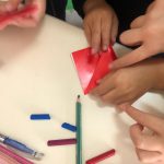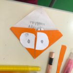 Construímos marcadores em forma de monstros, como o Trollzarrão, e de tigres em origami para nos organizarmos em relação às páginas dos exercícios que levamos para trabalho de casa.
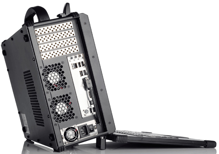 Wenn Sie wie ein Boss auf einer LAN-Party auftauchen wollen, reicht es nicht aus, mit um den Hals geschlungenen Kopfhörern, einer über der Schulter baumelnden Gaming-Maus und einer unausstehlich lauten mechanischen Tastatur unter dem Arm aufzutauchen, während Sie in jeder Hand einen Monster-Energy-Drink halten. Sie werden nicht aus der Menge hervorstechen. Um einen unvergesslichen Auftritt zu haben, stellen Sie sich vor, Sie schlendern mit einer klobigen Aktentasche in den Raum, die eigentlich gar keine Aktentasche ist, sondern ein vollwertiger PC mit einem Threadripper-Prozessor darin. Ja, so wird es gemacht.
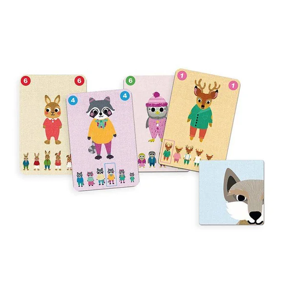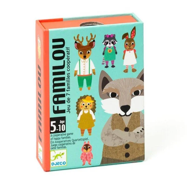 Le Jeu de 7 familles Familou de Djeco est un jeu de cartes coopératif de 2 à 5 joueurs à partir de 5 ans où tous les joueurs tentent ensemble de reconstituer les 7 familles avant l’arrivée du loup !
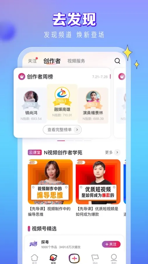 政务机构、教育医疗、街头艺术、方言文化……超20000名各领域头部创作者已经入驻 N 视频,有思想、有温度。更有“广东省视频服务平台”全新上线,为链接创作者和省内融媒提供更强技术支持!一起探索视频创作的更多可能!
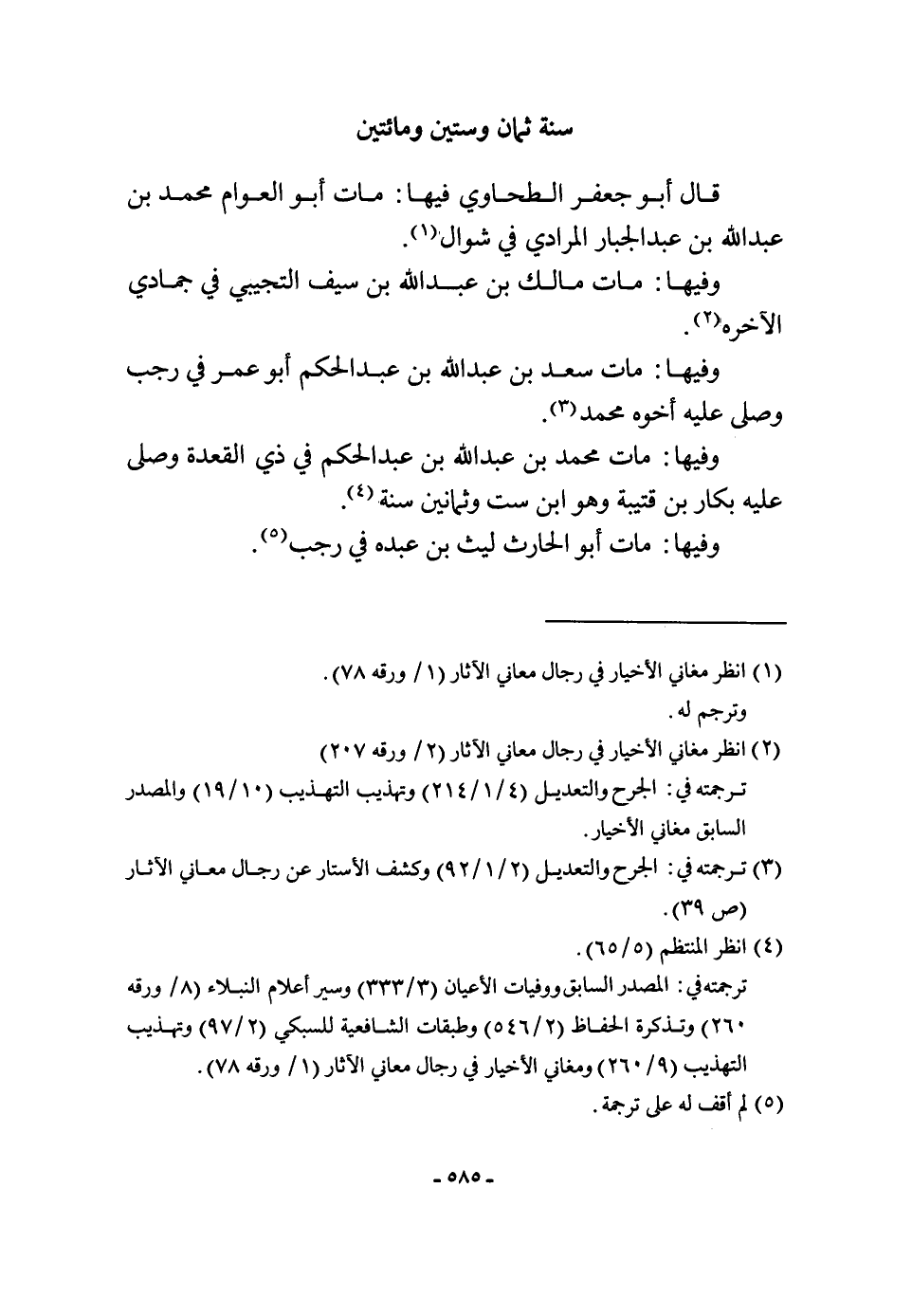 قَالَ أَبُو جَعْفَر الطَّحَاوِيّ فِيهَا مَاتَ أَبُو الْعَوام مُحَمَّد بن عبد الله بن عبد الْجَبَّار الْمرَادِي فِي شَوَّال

....

▶ **Work item**:
Repeat every line above precisely; pictures do not belong in the copy.

▶ **Worked solution**:
 Construímos marcadores em forma de monstros, como o Trollzarrão, e de tigres em origami para nos organizarmos em relação às páginas dos exercícios que levamos para trabalho de casa.
 Wenn Sie wie ein Boss auf einer LAN-Party auftauchen wollen, reicht es nicht aus, mit um den Hals geschlungenen Kopfhörern, einer über der Schulter baumelnden Gaming-Maus und einer unausstehlich lauten mechanischen Tastatur unter dem Arm aufzutauchen, während Sie in jeder Hand einen Monster-Energy-Drink halten. Sie werden nicht aus der Menge hervorstechen. Um einen unvergesslichen Auftritt zu haben, stellen Sie sich vor, Sie schlendern mit einer klobigen Aktentasche in den Raum, die eigentlich gar keine Aktentasche ist, sondern ein vollwertiger PC mit einem Threadripper-Prozessor darin. Ja, so wird es gemacht.
 Le Jeu de 7 familles Familou de Djeco est un jeu de cartes coopératif de 2 à 5 joueurs à partir de 5 ans où tous les joueurs tentent ensemble de reconstituer les 7 familles avant l’arrivée du loup !
 政务机构、教育医疗、街头艺术、方言文化……超20000名各领域头部创作者已经入驻 N 视频,有思想、有温度。更有“广东省视频服务平台”全新上线,为链接创作者和省内融媒提供更强技术支持!一起探索视频创作的更多可能!
 قَالَ أَبُو جَعْفَر الطَّحَاوِيّ فِيهَا مَاتَ أَبُو الْعَوام مُحَمَّد بن عبد الله بن عبد الْجَبَّار الْمرَادِي فِي شَوَّال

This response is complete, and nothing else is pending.